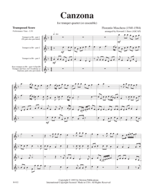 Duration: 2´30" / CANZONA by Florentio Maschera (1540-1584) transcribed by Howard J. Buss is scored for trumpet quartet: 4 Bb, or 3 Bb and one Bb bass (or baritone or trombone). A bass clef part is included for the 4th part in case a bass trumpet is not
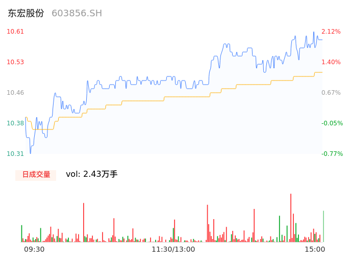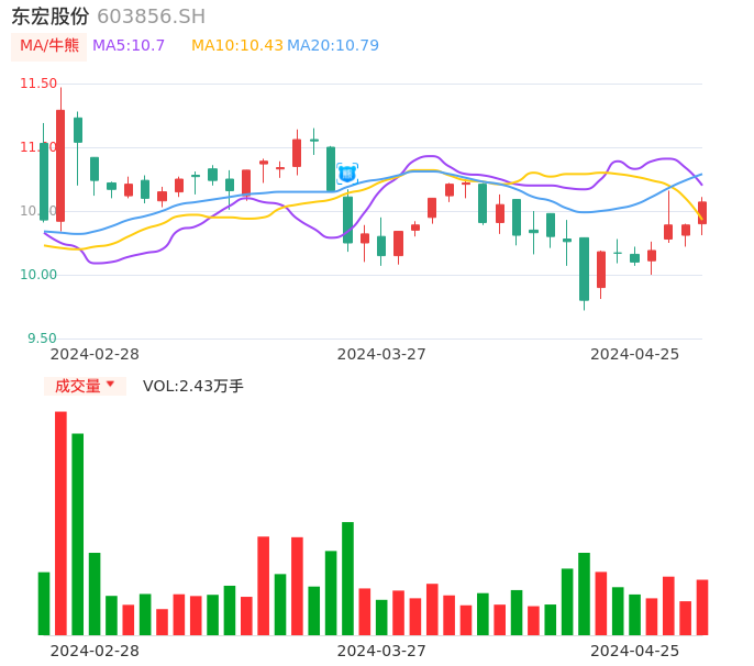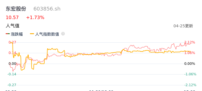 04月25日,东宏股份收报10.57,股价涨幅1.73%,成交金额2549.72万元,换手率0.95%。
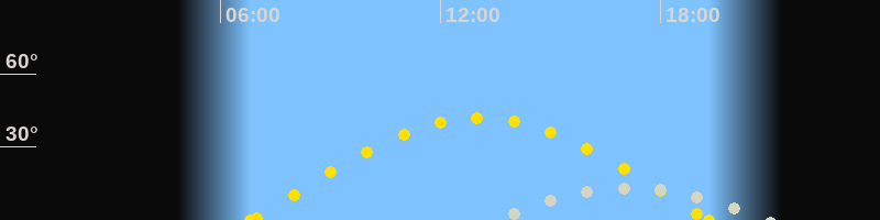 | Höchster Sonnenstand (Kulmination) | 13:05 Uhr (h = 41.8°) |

==

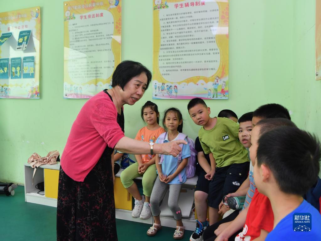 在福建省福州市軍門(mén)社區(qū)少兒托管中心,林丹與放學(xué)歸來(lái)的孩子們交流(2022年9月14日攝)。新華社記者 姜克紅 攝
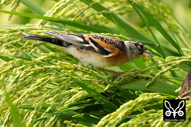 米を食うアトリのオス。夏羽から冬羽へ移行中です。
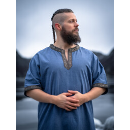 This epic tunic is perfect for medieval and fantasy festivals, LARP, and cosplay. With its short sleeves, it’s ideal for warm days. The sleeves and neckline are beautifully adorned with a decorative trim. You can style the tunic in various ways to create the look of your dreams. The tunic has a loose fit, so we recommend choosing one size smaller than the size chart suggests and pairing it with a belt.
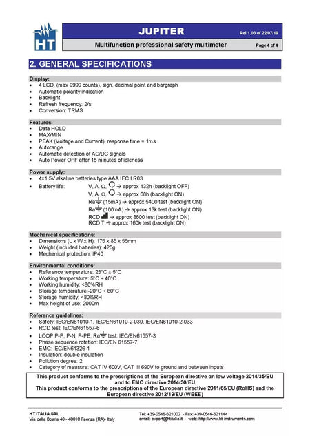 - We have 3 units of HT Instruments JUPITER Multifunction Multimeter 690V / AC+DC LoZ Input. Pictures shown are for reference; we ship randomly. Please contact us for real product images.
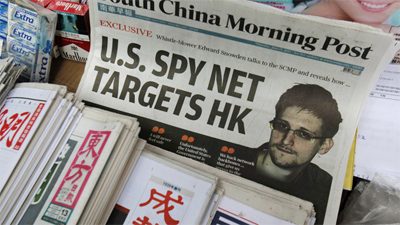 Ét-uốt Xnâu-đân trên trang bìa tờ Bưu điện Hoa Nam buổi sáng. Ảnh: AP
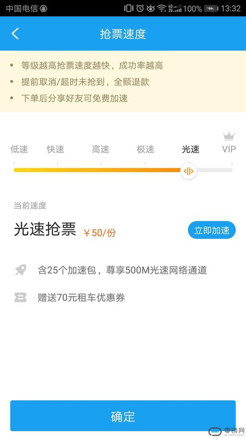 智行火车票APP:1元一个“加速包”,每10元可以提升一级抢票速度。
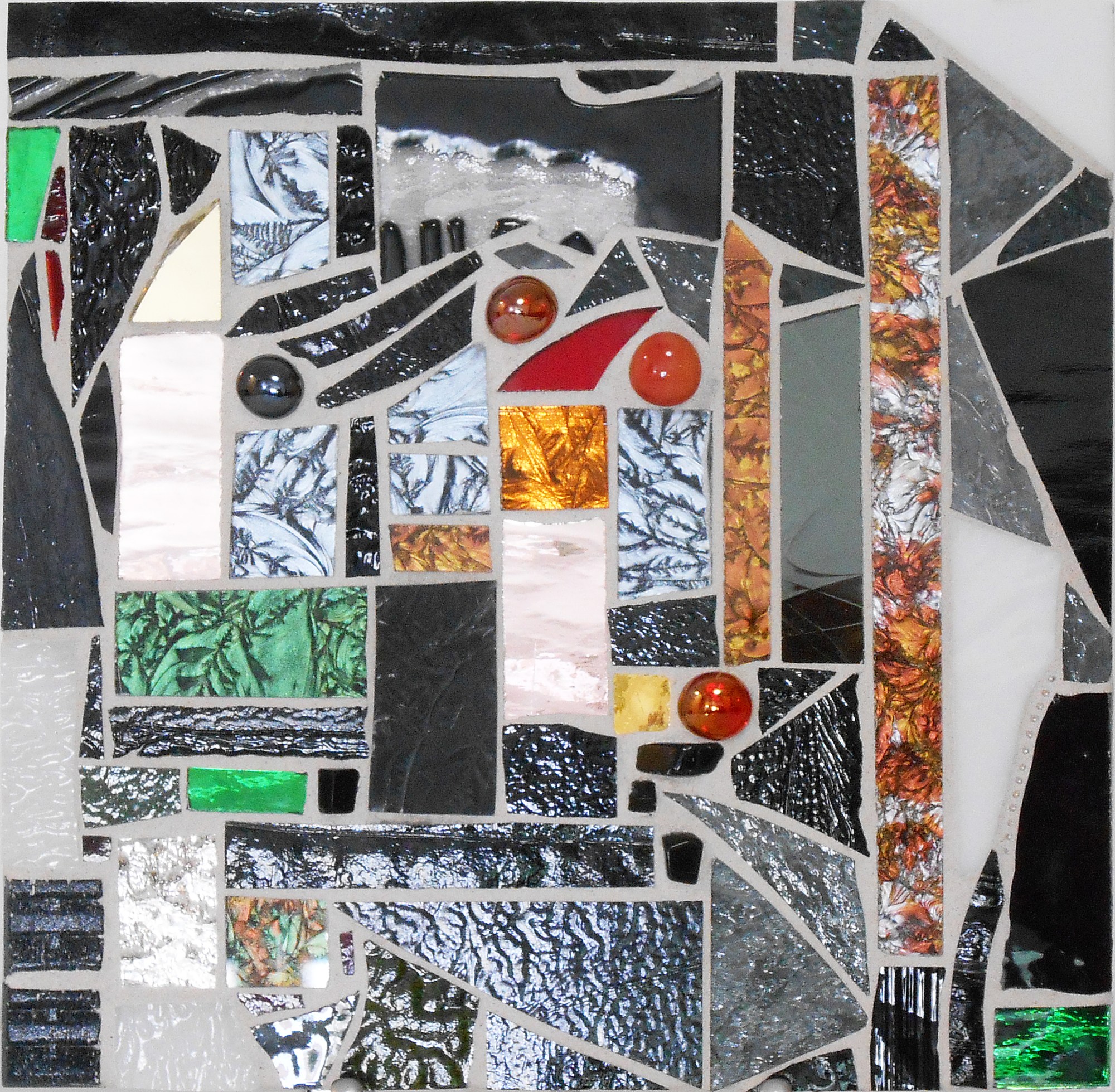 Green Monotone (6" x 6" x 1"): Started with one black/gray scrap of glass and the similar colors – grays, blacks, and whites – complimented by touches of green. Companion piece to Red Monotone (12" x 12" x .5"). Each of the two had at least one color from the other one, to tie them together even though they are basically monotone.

---

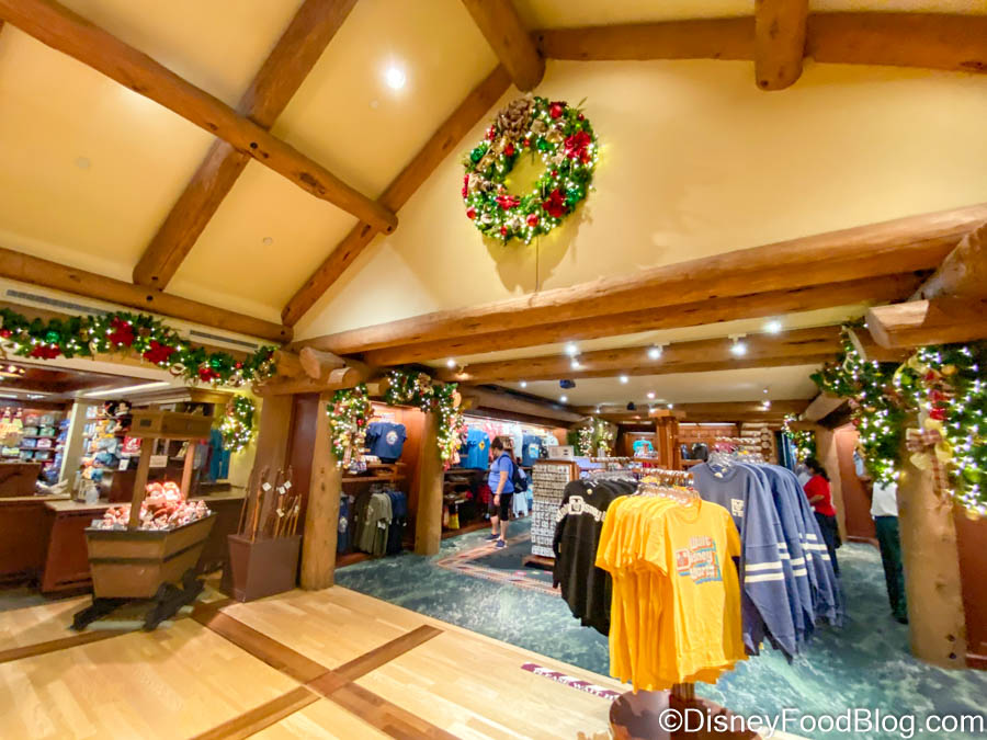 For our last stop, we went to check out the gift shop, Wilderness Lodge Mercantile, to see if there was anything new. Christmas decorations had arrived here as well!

__Assignment__. In the listing above, find the line with "Ét-uốt Xnâu-đân trên" and the line with "are basically monotone.". Output both, plus every line between them, and no pictures.

__Response area__.
 Ét-uốt Xnâu-đân trên trang bìa tờ Bưu điện Hoa Nam buổi sáng. Ảnh: AP
 智行火车票APP:1元一个“加速包”,每10元可以提升一级抢票速度。
 Green Monotone (6" x 6" x 1"): Started with one black/gray scrap of glass and the similar colors – grays, blacks, and whites – complimented by touches of green. Companion piece to Red Monotone (12" x 12" x .5"). Each of the two had at least one color from the other one, to tie them together even though they are basically monotone.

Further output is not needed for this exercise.